===== EXERCISE INPUTS =====

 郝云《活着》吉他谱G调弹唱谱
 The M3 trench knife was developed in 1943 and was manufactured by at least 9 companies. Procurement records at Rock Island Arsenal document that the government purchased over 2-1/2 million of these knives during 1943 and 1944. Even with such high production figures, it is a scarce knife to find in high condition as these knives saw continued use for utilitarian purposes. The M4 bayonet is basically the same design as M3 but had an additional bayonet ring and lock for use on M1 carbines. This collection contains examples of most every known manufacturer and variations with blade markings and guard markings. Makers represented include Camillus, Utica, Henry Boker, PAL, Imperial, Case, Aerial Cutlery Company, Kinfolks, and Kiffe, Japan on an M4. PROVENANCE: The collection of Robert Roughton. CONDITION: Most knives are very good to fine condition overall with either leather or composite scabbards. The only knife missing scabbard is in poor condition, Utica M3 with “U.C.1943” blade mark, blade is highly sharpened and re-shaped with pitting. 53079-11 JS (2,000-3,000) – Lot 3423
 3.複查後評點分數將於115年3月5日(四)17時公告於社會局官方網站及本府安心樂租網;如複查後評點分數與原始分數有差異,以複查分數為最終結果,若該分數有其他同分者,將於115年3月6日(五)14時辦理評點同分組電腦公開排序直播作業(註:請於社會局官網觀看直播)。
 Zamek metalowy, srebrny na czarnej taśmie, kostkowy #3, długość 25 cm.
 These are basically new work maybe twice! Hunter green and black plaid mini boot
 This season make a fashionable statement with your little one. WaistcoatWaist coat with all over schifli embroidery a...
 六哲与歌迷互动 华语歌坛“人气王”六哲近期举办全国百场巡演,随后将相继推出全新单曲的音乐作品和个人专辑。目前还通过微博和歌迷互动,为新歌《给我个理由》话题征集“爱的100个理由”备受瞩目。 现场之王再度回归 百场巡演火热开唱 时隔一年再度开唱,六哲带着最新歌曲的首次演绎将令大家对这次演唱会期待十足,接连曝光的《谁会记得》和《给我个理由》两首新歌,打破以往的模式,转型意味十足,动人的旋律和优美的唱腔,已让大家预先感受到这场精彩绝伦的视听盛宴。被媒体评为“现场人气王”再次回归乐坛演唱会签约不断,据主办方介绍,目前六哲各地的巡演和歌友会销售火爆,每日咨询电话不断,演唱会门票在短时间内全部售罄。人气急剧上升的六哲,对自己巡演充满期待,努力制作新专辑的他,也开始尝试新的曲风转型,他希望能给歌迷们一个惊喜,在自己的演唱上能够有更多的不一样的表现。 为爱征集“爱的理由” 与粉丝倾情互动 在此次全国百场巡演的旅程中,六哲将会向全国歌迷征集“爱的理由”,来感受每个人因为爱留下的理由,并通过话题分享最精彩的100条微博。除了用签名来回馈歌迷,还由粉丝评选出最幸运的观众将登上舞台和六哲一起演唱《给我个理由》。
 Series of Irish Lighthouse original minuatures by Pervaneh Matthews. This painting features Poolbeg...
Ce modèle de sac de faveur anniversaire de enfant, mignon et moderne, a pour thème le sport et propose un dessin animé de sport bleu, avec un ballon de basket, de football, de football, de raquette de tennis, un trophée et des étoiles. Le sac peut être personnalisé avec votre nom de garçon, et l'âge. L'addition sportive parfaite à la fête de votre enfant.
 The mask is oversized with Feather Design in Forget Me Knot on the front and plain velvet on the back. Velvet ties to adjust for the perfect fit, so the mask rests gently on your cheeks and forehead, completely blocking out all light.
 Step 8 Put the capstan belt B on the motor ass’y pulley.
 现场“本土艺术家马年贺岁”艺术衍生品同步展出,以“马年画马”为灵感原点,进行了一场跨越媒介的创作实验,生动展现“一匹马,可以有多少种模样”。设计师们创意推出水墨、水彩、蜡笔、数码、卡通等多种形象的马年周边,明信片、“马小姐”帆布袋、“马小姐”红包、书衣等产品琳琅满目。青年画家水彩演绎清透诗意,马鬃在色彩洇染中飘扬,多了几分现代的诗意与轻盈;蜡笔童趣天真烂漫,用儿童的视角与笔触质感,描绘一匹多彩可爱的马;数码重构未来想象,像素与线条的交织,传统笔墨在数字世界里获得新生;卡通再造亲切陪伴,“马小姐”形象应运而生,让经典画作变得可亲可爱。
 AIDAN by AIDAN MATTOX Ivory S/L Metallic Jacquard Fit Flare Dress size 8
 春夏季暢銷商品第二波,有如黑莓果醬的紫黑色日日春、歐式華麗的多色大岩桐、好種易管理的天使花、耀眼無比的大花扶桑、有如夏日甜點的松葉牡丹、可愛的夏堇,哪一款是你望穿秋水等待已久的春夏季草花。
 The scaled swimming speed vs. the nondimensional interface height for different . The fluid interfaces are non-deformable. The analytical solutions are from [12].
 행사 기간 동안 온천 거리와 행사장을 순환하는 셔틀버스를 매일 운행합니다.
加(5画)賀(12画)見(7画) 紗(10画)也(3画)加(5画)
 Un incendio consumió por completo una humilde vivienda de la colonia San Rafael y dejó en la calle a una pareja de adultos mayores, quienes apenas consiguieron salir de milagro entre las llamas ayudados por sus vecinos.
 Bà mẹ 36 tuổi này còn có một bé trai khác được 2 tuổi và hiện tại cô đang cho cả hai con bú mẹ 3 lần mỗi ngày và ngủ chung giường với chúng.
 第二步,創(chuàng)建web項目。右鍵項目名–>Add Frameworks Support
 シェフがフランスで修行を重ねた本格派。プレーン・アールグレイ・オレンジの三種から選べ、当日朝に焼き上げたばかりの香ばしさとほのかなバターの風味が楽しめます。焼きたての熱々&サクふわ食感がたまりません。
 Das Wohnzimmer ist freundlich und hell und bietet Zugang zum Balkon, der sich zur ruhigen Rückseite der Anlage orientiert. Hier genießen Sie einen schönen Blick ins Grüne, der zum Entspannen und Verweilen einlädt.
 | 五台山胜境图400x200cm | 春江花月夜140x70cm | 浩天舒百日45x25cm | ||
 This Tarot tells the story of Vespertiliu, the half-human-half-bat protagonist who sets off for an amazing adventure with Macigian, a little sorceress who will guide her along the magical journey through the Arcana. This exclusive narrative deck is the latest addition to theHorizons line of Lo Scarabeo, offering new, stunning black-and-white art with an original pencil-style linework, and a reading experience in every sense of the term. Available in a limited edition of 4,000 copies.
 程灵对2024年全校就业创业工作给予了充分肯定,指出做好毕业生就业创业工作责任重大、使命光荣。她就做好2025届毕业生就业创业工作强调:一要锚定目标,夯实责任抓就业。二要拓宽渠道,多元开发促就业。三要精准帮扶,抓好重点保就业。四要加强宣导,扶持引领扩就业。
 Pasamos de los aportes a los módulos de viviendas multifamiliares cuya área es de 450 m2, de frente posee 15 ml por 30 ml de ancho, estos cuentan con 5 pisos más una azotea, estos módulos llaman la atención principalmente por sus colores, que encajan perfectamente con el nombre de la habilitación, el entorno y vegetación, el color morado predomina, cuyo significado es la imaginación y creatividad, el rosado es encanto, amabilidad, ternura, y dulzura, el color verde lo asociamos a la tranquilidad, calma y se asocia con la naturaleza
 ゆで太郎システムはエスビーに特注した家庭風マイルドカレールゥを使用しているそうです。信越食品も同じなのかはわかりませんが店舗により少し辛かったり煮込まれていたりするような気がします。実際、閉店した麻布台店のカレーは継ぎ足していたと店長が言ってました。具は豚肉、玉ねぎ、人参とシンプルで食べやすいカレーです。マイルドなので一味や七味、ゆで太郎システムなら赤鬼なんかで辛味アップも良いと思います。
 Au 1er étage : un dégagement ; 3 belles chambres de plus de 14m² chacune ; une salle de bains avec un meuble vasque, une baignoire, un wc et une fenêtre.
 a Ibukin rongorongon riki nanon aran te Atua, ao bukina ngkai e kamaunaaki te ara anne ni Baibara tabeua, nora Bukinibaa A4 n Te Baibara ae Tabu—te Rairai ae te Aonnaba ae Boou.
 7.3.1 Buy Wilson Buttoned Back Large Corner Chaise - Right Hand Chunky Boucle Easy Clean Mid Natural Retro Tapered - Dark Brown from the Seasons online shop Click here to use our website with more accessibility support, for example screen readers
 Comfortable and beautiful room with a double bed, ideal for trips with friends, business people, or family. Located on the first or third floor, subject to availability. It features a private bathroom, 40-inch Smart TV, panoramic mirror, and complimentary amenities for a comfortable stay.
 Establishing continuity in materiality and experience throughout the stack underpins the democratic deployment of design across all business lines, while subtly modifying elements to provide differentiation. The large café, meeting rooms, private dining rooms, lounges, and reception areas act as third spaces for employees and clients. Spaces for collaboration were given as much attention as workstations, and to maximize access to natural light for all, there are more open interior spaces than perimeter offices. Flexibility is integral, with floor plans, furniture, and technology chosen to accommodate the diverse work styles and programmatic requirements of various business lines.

=====

▸ **WHAT THE TASK ASKS**:
Whatever else the listing above holds, retype exactly only the lines from the one containing "Das Wohnzimmer ist" to the one containing "浩天舒百日45x25cm | ||", both ends kept.

▸ **RESPONSE BOX**:
 Das Wohnzimmer ist freundlich und hell und bietet Zugang zum Balkon, der sich zur ruhigen Rückseite der Anlage orientiert. Hier genießen Sie einen schönen Blick ins Grüne, der zum Entspannen und Verweilen einlädt.
 | 五台山胜境图400x200cm | 春江花月夜140x70cm | 浩天舒百日45x25cm | ||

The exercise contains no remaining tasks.